Dataset entries
····················
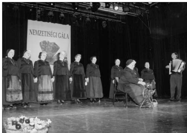
Der Willander Frauenchor

Acht Persönlichkeiten und Gemeinschaften erhielten heuer am vergangenen Sonntag die hohe Anerkennung für verdienstvolle Pflege der Kultur der Minderheiten in Ungarn. Für ihre jahrzehntelange standhafte, erfolgreiche und hervorragende kulturelle Arbeit wurde der 35jährige Willander Frauenchor ausgezeichnet. Der Willander Frauenchor zählt seit Jahrzehnten zu den bekanntesten und beliebtesten Singgemeinschaften im Komitat Branau. In den
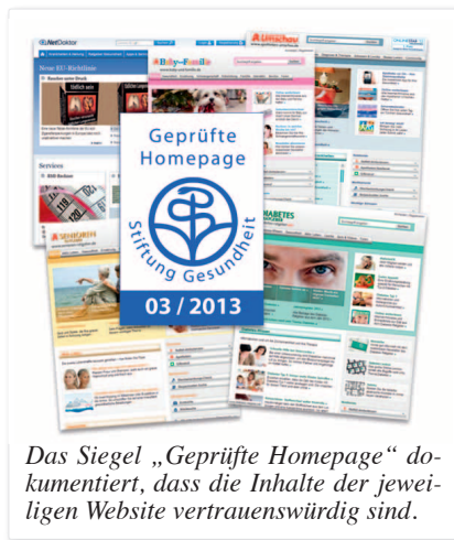
Das Siegel „Geprüfte Homepage“ dokumentiert, dass die Inhalte der jeweiligen Website vertrauenswürdig sind.
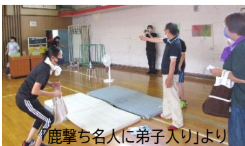
『鹿撃ち名人に弟子入り』より 地域の名人に弟子入りし技や文化を継承
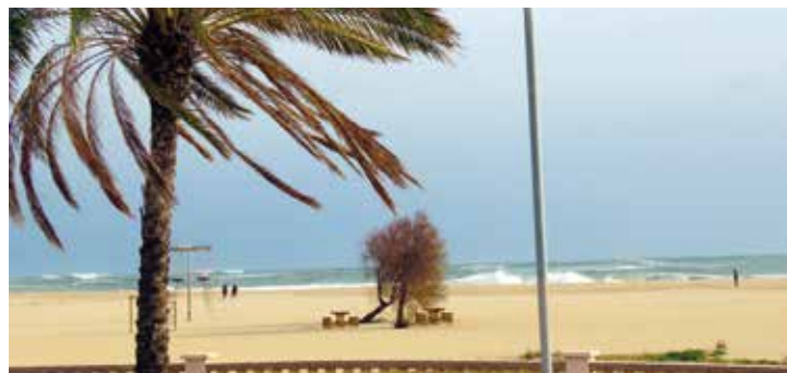
▲ El temporal Glòria va afectar greument l'emissari. DOMÈNEC CANO

El Consell Comarcal del Maresme està pendent de rebre l'atribució del fons corresponent per poder licitar l'actuació i iniciar la reparació
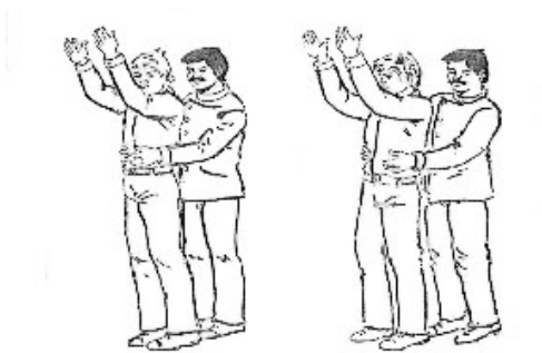
La desmagnetización del embrujado. Tiempos 1 y 2
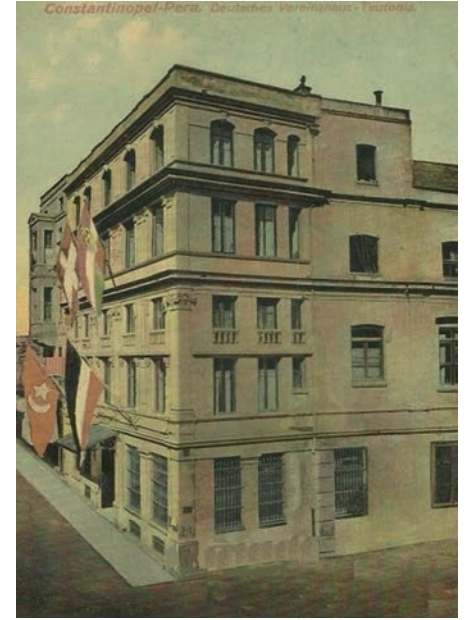
Beyođlu'ndaki Alman Derneđi Teutonia'nın binası
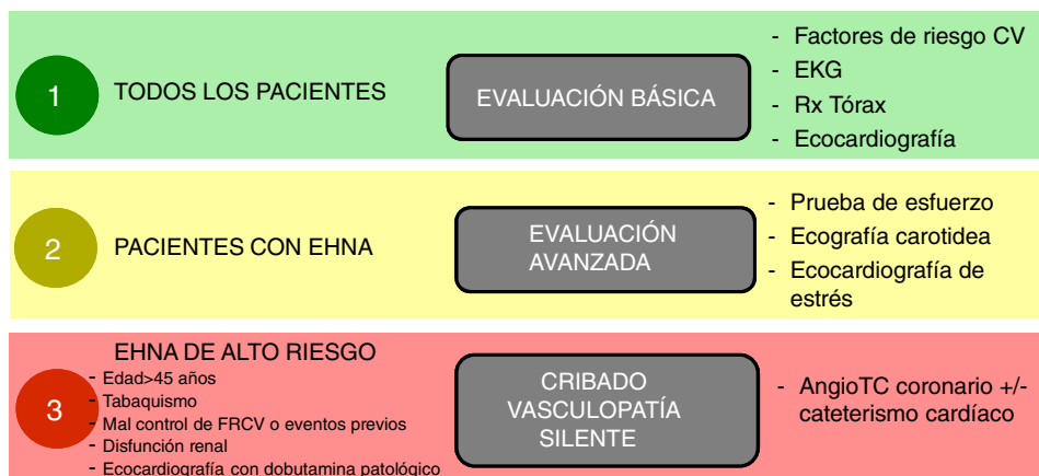
Figura 2 Esquema propuesto de evaluación cardiológica pretrasplante en función del riesgo cardiovascular.

Notas: Los factores de riesgo cardiovascular deben controlarse adecuadamente antes del trasplante.
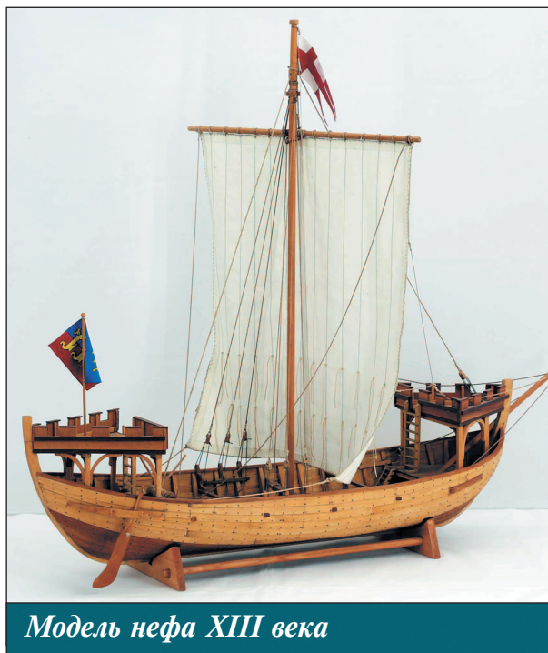
Модель нефа XIII века

В Северной Европе примерно в это же время строили когги — одномачтовые суда с широким корпусом и традиционной
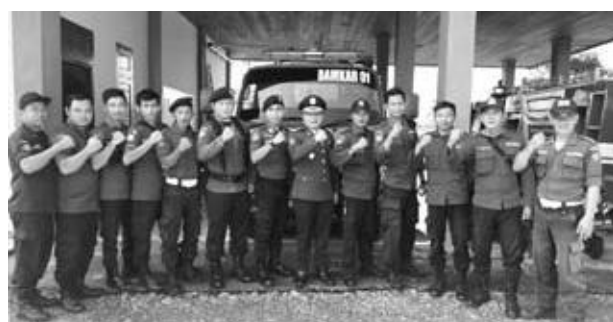
BUTUHAN: Satuan Polisi Pamong Praja dan PBK BS membutuhkan tambahan armada mobil kebakaran.

Oleh sebab itu minimnya armada saat ini dikeluhkan pihak Satpol PP-PBK. Karena jelas Erwin Standar Pelayanan Minimal (SPM) PBK jarak pos Damkar ke setiap kecamatan minimal 15 menit. Sedangkan saat ini beber Erwin untuk menjangkau beberapa wilayah di BS dari pos Damkar ada
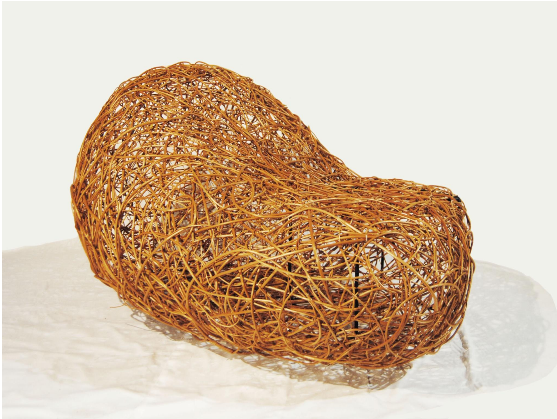
Remiz II rozmiar 106x158x78 cm wiklina
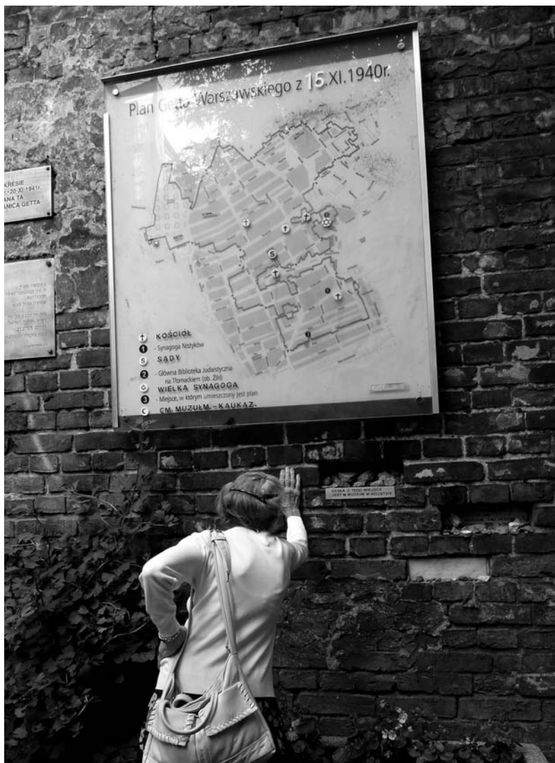
Das Holocaustkind Stella Kochawa Tzur vor der Mauer des ehemaligen Warschauer Ghettos.

Promotionsstipendiatin der Friedrich-Naumann-Stiftung für die Freiheit im Walther-Rathenau-Kolleg. Das Thema ihrer Dissertation lautet: »Durch Taufe befreit? Die religiös-nationale Identität der polnischen Holocaustkinder nach 1939.«
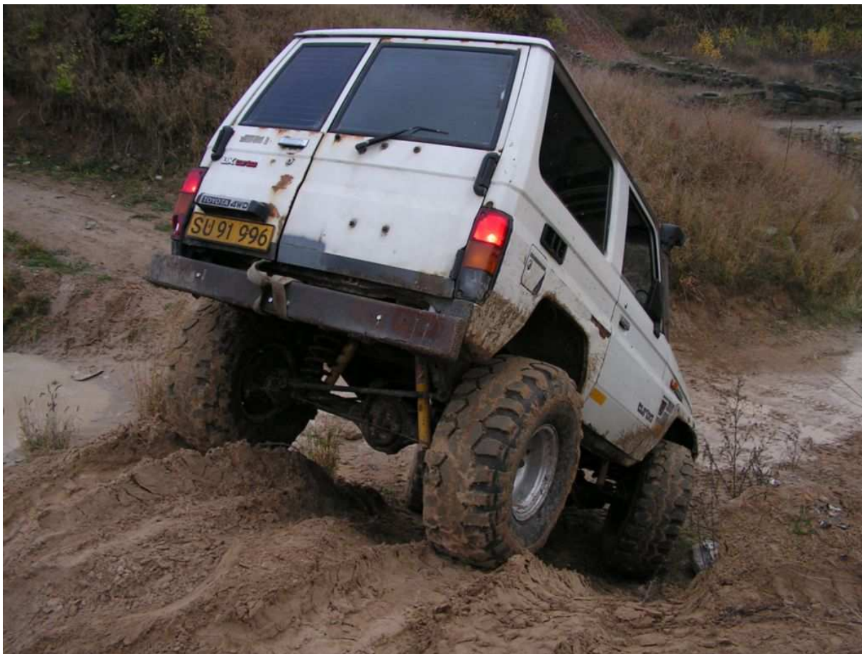
Systofte i november 2005

Det går ikke altid som præsten prædiker. Lige som vi (rettere 002 Nick) havde fundet os et godt terræn, kom amtet med en besked om, at der ikke måtte forekomme støj fra motorkøretøjer i området i weekenden.
····················
▸ **How to complete this task**: What you produce should repeat the data word for word while omitting all images.

▸ **Exercise solution**:
Der Willander Frauenchor

Acht Persönlichkeiten und Gemeinschaften erhielten heuer am vergangenen Sonntag die hohe Anerkennung für verdienstvolle Pflege der Kultur der Minderheiten in Ungarn. Für ihre jahrzehntelange standhafte, erfolgreiche und hervorragende kulturelle Arbeit wurde der 35jährige Willander Frauenchor ausgezeichnet. Der Willander Frauenchor zählt seit Jahrzehnten zu den bekanntesten und beliebtesten Singgemeinschaften im Komitat Branau. In den
Das Siegel „Geprüfte Homepage“ dokumentiert, dass die Inhalte der jeweiligen Website vertrauenswürdig sind.
『鹿撃ち名人に弟子入り』より 地域の名人に弟子入りし技や文化を継承
▲ El temporal Glòria va afectar greument l'emissari. DOMÈNEC CANO

El Consell Comarcal del Maresme està pendent de rebre l'atribució del fons corresponent per poder licitar l'actuació i iniciar la reparació
La desmagnetización del embrujado. Tiempos 1 y 2
Beyođlu'ndaki Alman Derneđi Teutonia'nın binası
Figura 2 Esquema propuesto de evaluación cardiológica pretrasplante en función del riesgo cardiovascular.

Notas: Los factores de riesgo cardiovascular deben controlarse adecuadamente antes del trasplante.
Модель нефа XIII века

В Северной Европе примерно в это же время строили когги — одномачтовые суда с широким корпусом и традиционной
BUTUHAN: Satuan Polisi Pamong Praja dan PBK BS membutuhkan tambahan armada mobil kebakaran.

Oleh sebab itu minimnya armada saat ini dikeluhkan pihak Satpol PP-PBK. Karena jelas Erwin Standar Pelayanan Minimal (SPM) PBK jarak pos Damkar ke setiap kecamatan minimal 15 menit. Sedangkan saat ini beber Erwin untuk menjangkau beberapa wilayah di BS dari pos Damkar ada
Remiz II rozmiar 106x158x78 cm wiklina
Das Holocaustkind Stella Kochawa Tzur vor der Mauer des ehemaligen Warschauer Ghettos.

Promotionsstipendiatin der Friedrich-Naumann-Stiftung für die Freiheit im Walther-Rathenau-Kolleg. Das Thema ihrer Dissertation lautet: »Durch Taufe befreit? Die religiös-nationale Identität der polnischen Holocaustkinder nach 1939.«
Systofte i november 2005

Det går ikke altid som præsten prædiker. Lige som vi (rettere 002 Nick) havde fundet os et godt terræn, kom amtet med en besked om, at der ikke måtte forekomme støj fra motorkøretøjer i området i weekenden.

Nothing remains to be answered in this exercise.